Even if you have a huge security team, dedicated to pen testing, code reviews, firewall change approvals, architectural reviews and policy management and enforcement, those three pitfalls listed above will all happen and they will be approved by your security leadership, in error.

Would you rather your company IT staff implement a business function that brings your payroll information dangerously close to compromise (perilously close) or would you rather that business function only be deployed when the proper security review has occurred and all concerns are eliminated?

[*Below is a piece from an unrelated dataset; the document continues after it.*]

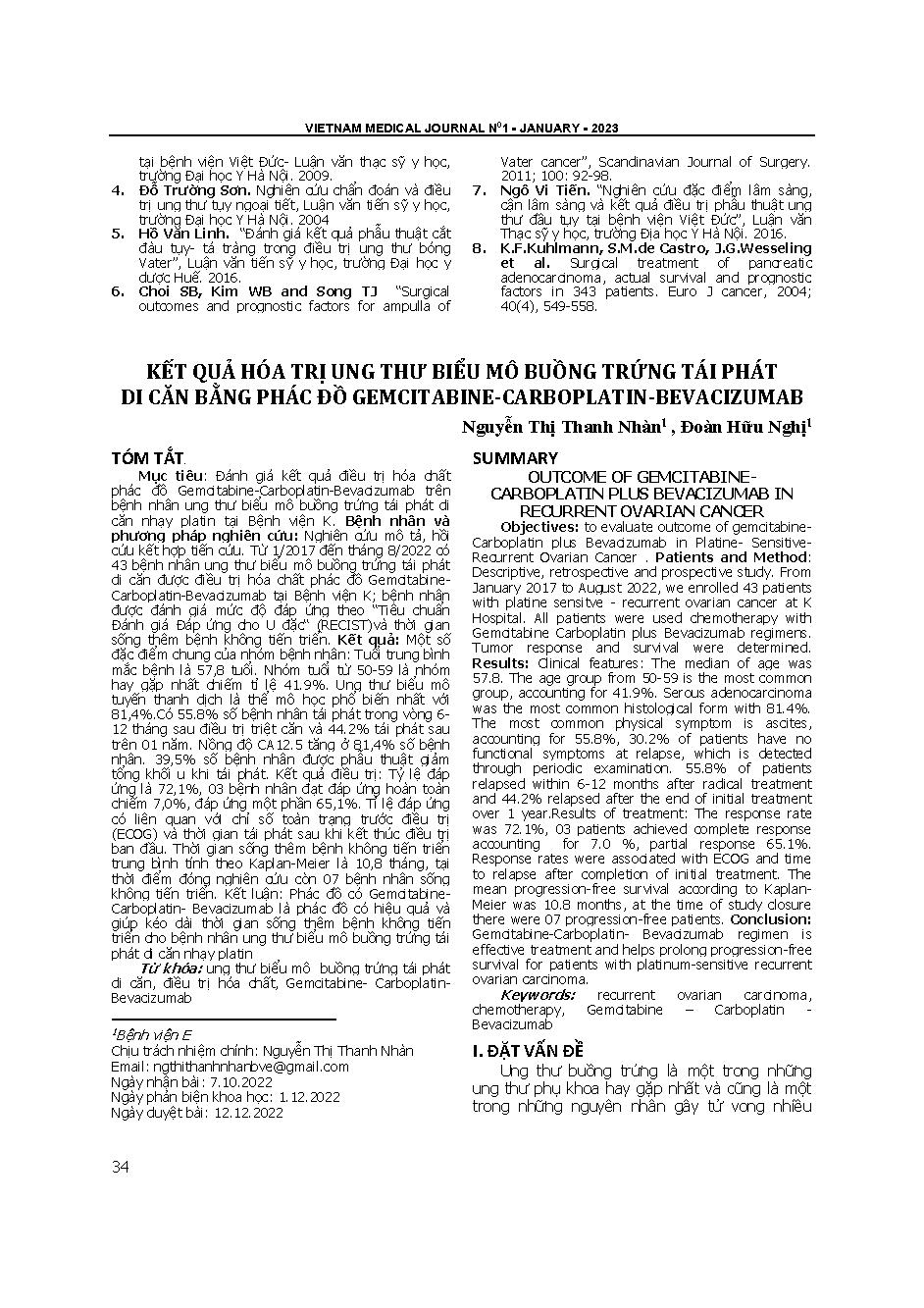 Kết quả hóa trị ung thư biểu mô buồng trứng tái phát di căn bằng phác đồ Gemcitabine-Carboplatin-Bevacizumab = Outcome of Gemcitabine-Carboplatin plus Bevacizumab in recurrent ovarian cancer

I know how difficult and hypocritical this blog may seem, but there is a sincerity in what I am writing that is yielding an increasingly strong aversion to security laziness in me as time goes by. Anyone who has had to deal with a security compromise has had to admit to themselves there was a problem they either didn’t realize was there, or that there was a problem with an assumption they have made or a risk they have accepted willingly. Sometimes I wonder if people accepting this risk has had the pleasure of having their cyber underwear drawer rifled through by parties unknown. How many of them have seen their own systems taken over as attack systems or used to do illegal things? I doubt very many of them have, but I have seen it first hand. I also know that if those ignorant yet responsible leaders were confronted with this situation their choices as to what risk they wish to willingly assume would change.

Here are a couple of things I believe anyone with IT infrastructure should consider:

1) A security risk should be viewed as a bad check. You should not write bad checks. You should only produce a product (write a check) when you have money in the bank (all security risks eliminated). (Note that I said eliminated and meant it.)
2) A deadline should not be agreed upon until the entire project has been reviewed by your security staff and all time necessary for compliance testing and approvals are added to the plan. Your security team should be your inspectors. They should inspect everything from the footers and foundations, all the way to the top of the smoke stacks. They should also be there during initial planning so you streamline the process. No dates without proper security planning. None.
3) Security show stoppers should stop the show until a proper and unabridged solution is developed and approved. If a firewall modification is necessary and the requirements are unknown, a wide open hole is not an acceptable solution to the problem.
4) Architecture solves some problems that vendors create and refuse to make better. It is excruciating to see a vendor with a captive market create a product that has no viable competition that violates or ignores security best practices. The rapid growth of IP network technology is being seen in ever single technological vector in our existence. Most of these vertical technology market providers are stuck 10 years behind the curve for the average (not uber, but average) Internet Protocol hackers and crackers. The only thing still valid from 10 years ago is the statement that the only secure computer is the one disconnected from the network entirely. Everything else is crap, so catch up. If you must deploy an inherently insecure application within your environment, don’t connect it to anything. Don’t default to adding it to your network in any normal way. Instead, build your infrastructure in a way that is able to handle the problems, but don’t give up on beating your vendor(s) regularly. In my mind, you should post every single vulnerability you find to Full Disclosure, just make sure not to sign any contracts saying you CAN’T do that.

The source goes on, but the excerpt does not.